__YOUR OBJECTIVE__
Would you reproduce the whole listing exactly, dropping any pictures it holds?

__EXERCISE DATA__
○ ○ ○
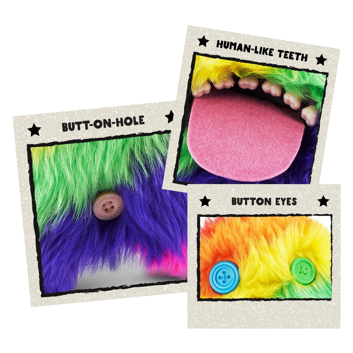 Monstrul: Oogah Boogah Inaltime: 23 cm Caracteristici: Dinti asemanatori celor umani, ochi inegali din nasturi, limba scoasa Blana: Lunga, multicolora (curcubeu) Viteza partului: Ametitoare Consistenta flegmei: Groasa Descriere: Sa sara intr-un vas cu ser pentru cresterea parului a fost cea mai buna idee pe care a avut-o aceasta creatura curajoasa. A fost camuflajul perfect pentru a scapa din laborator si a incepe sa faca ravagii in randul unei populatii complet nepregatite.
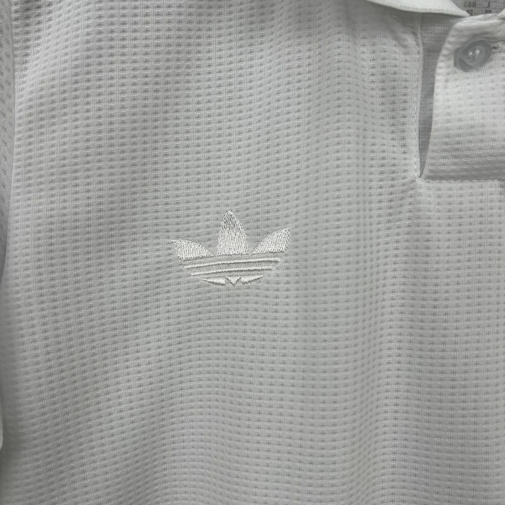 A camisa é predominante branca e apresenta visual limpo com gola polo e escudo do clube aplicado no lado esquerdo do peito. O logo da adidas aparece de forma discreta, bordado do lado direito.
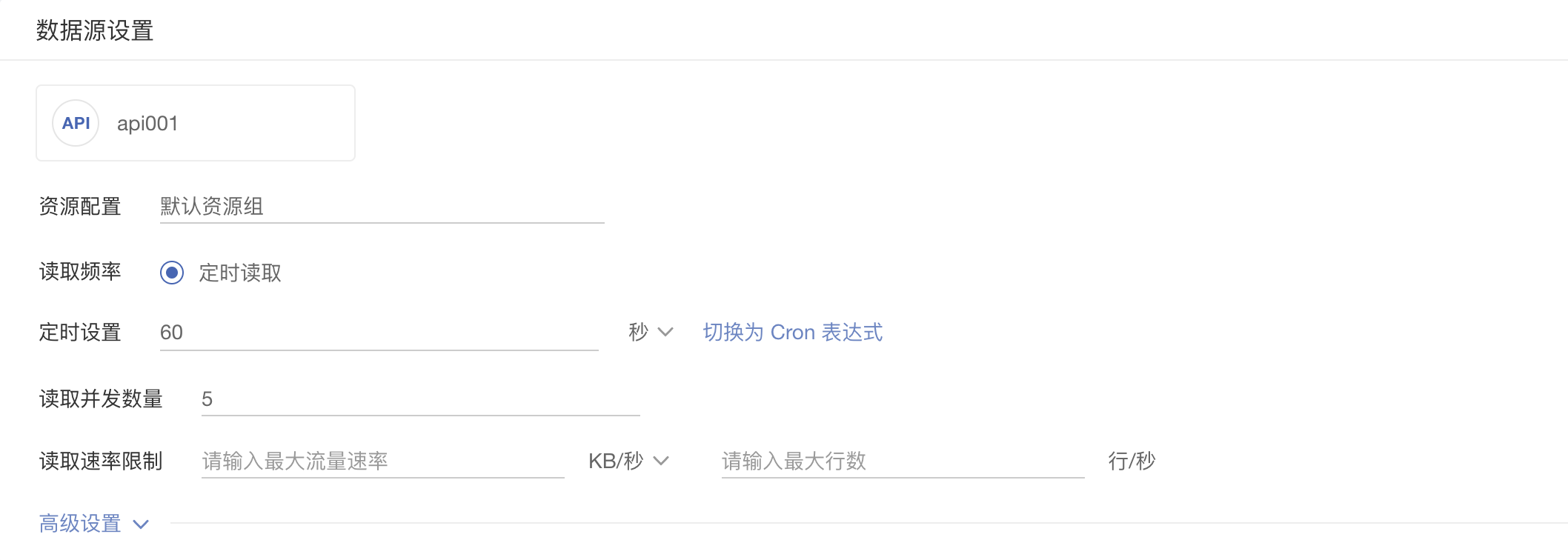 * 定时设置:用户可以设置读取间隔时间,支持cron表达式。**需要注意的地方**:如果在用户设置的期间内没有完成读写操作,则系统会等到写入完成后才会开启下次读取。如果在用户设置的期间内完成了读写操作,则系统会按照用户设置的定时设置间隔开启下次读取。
○ ○ ○
__TASK ANSWER__
 Monstrul: Oogah Boogah Inaltime: 23 cm Caracteristici: Dinti asemanatori celor umani, ochi inegali din nasturi, limba scoasa Blana: Lunga, multicolora (curcubeu) Viteza partului: Ametitoare Consistenta flegmei: Groasa Descriere: Sa sara intr-un vas cu ser pentru cresterea parului a fost cea mai buna idee pe care a avut-o aceasta creatura curajoasa. A fost camuflajul perfect pentru a scapa din laborator si a incepe sa faca ravagii in randul unei populatii complet nepregatite.
 A camisa é predominante branca e apresenta visual limpo com gola polo e escudo do clube aplicado no lado esquerdo do peito. O logo da adidas aparece de forma discreta, bordado do lado direito.
 * 定时设置:用户可以设置读取间隔时间,支持cron表达式。**需要注意的地方**:如果在用户设置的期间内没有完成读写操作,则系统会等到写入完成后才会开启下次读取。如果在用户设置的期间内完成了读写操作,则系统会按照用户设置的定时设置间隔开启下次读取。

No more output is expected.